二回目以降の腎移植はどこに植えるのか?
疑問の方も多いでしょう。しかし、答えは簡単です。通常は、最初の移植した場所の反対側に植えるのです。では三回目は??? 簡単です。どちらかの移植腎を摘出してそこに移植します。技術的にはやや難しくなりますが、たいしたことはありません。勿論、二回目の腎移植のときに最初に移植した腎臓を摘出して同じ場所に植えることもありますが、基本的には外科手術の行いやすい方法を考えて決められます。
これまで最も多数の腎移植を行った方は四回ですが、現在も移植腎は順調に機能しています。
前回は詳しく触れませんでしたが、二回目以降のかたでドナー特異的抗体(DSA)を持っており、その抗体の強度が非常に強い場合、リンパ球クロスマッチが陽性となり腎移植ができなくなる方がいます。抗体の量が少なければ問題はあまりないのですが多いと問題になります。いわゆるリンパ球クロスマッチ陽性といわれる状況です。

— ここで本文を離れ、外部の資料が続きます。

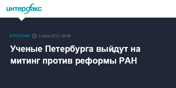 Санкт-Петербург. 2 июля. INTERFAX.RU - Сотрудники петербургских институтов РАН во вторник проведут митинг против готовящейся реформы академии.

これまではこのような場合、腎移植は不可能と考えられてきました。しかしながら、近年の新規の強力な免疫抑制剤の開発、免疫グロブリンの注射による免疫反応の抑制などの新しい治療法が開発され腎移植が可能になりつつあります。現在、グロブリン治療に関しては自費治療しか出来ませんが、今後、臨床研究が始まりつつあり近い将来保険での治療も可能になってくるものと期待されます。
もし、クロスマッチ陽性で移植が延期されている方がおられましたら今しばらくお待ちください。何とか腎移植が可能になるものと思われます。